Sometimes thats amusing, such as the time a fellow instructor asked to use my unpacked rig to demonstrate some things to his FJC class. My SOS, no RSL, bungee pilot chute, B12 snaps, equipped rig didn't quite fit the bill for what he needed to teach and he himself was confused with some of those features. For info this occurred in '99. There is a post on here right now, talking about lubricating the soft loop of the 3 ring to prevent hard cutaways. Ever since mini rings and risers came out, hard cutaways have been a topic of discussion. My last new rig, they called to make sure I actually wanted  standard rings and risers and not the "cool" mini's. For a new gear buyer, I could see them accepting what their gear dealer recommends and not what is best for them in the moment. 
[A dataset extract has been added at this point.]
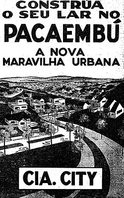 O bairro do Pacaembu assenta-se sobre o Vale do Ribeirão Pacaembu entre as altas encostas onde se localizam, atualmente, os bairros de Higienópolis e Perdizes.[13] A sua implantação se deu a partir de 1925, quando a Companhia City começou a urbanizar 998.130 m², fazendo o arruamento, traçando os lotes e colocando-os à venda. Em 1941, a City adquiriu mais 400.000 m² da Irmandade da Santa Casa de Misericórdia de São Paulo. A primeira medida foi drenar os terrenos inundáveis e canalizar o ribeirão onde está assentada a larga e arborizada Avenida Pacaembu.[13] Foram executados também trabalhos de terraplenagem com cortes e aterros para amenizar a declividade das encostas do vale. O adensamento no bairro aconteceu por volta de 1930, depois da construção do Estádio do Pacaembu pela prefeitura.[13]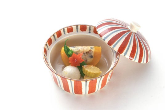 ・皮を剥いた南瓜を半分に割り、中に豆腐や卵、三重県でも有名な鰻を射込んだ煮物は、断面の美しさにもこだわって調理します。タレ焼きにした鰻をカットして 15 分くらい蒸し、南瓜に射込むのでより柔らかくなり、素材の魅力を最大限に引き出せるようこだわっています。

We are seeing it all the time now with jumpers flying canopies that they cannot land and the community response has been mandatory canopy training. Go out and watch a big-way land during no-wind conditions and you'll see from the circus carnage that that hasn't worked! But it keeps the jumpsuit repair people in a job. I recently had an old-time jumper, that was returning to jumping, ask me what happened to the days when you pulled down the toggles and the canopy stopped. He referred to it as the "golden age of parachute landings" and he was referring to the mid to late '80's when grass stained, dirty jumpsuits weren't the norm. 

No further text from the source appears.